La V Sezione Penale ha inoltre condannato Sallusti alla rifusione delle spese processuali, a risarcire la parte civile e a pagare 4.500 euro di spese per il giudizio innanzi alla Suprema Corte.  La decisione su dove e come il giornalista dovrà scontare la pena, passa nelle competenze della magistratura di Sorveglianza di Milano.Al Tribunale di Sorveglianza i legali di Sallusti potranno chiedere le misure alternative al carcere.
Ci sarà, invece, un nuovo processo per il cronista Andrea Monticone imputato insieme a Sallusti.

«Un’intimidazione a mezzo sentenza, un’intimidazione a tutti i giornalisti». E’ questo il commento di Enzo Iacopino, presidente del Consiglio nazionale dell’Ordine dei giornalisti. “Le norme sosterranno pure la decisione – osserva Iacopino – ma la conseguenza è devastante per la libertà di stampa. Ogni organo di informazione vivrà questa decisione come una intimidazione. E il costo maggiore lo pagheranno i cittadini che avranno una informazione ancora meno libera».

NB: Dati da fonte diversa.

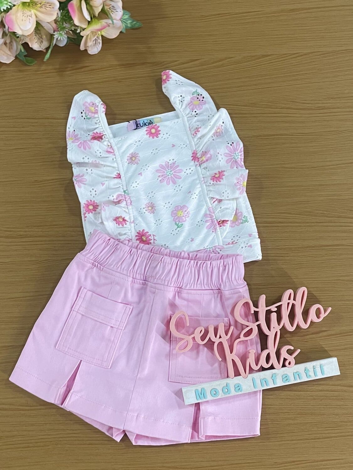 Conjunto Infantil Kukie Verão Shorts Saia Rosa e Blusa Boxy Flores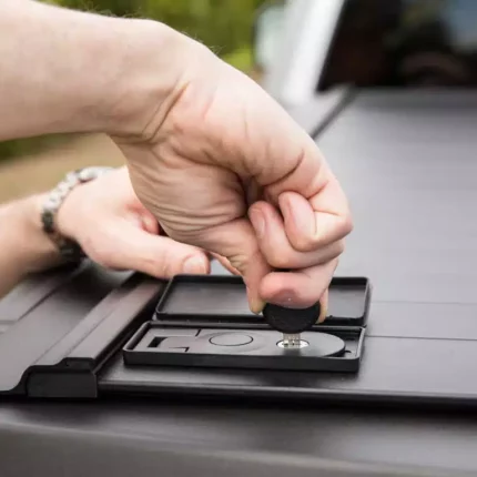 Esta tapa está construida con materiales de alta calidad como aluminio y acero inoxidable, lo que la hace resistente a la corrosión y duradera. Además, cuenta con cierres de seguridad y un sistema de bloqueo automático para asegurar la carga.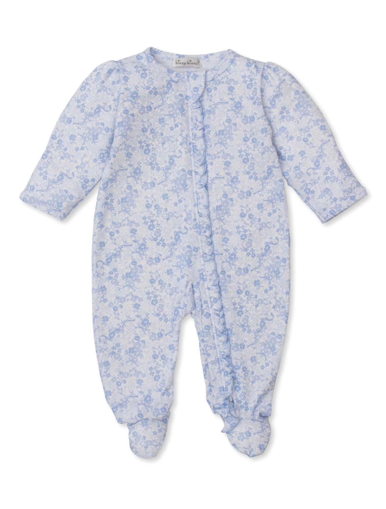 Playfully patterned, our cozy, blue old english roses print zippered footie for your baby is made from the softest Pima cotton for ultimate comfort.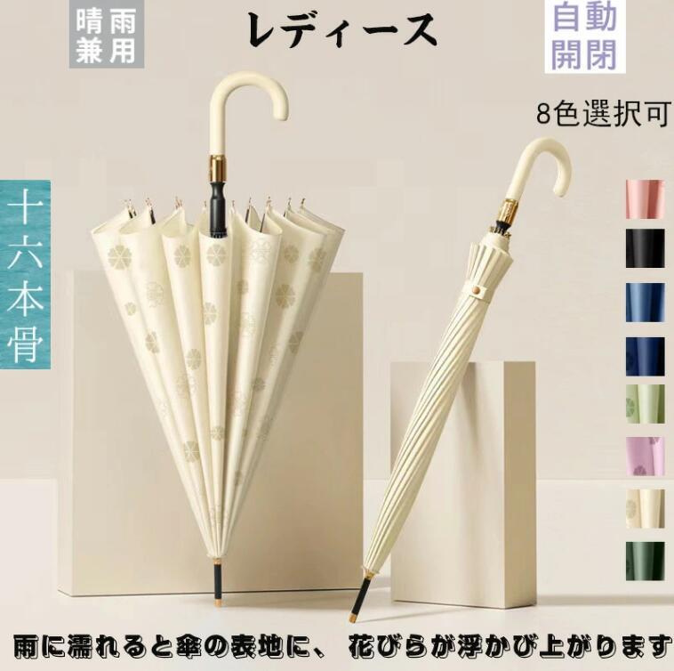 2024新作 傘 レディース 16本骨 花柄 ワンタッチ 雨傘 長傘 和風傘 耐風撥水 自動 大型 強化防風 晴雨兼用 撥水傘布 おしゃれ かわいい 実用的 8色選択可

«Mai avremmo immaginato di vedere che in Italia, Paese che continua a vantarsi di essere la culla del diritto, si va in galera per una opinione che l’interessato nega perfino di aver espresso – attacca Iacopino -. E resta quella domanda: come è possibile che per lo stesso reato si passi da 5.000 euro di multa a 14 mesi carcere in due gradi di giudizio? La Corte Costituzionale ha scritto che la libertà di informazione è ‘la pietra angolarè del nostro sistema democratico. Da oggi si sentono preoccupanti scricchiolii».
Il direttore del Giornale si dice pronto di andare in carcere. «Mi rifiuto di essere rieducato da qualcuno, credo che l’affidamento deve avvenire per qualcuno che spaccia droga magari anche per qualche politico che ruba». Lo ha detto il direttore del Giornale Alesandro Sallusti in un’intervista a Pomeriggio 5, spiegando di non avere intenzione di chiedere l’affidamento ai servizi sociali.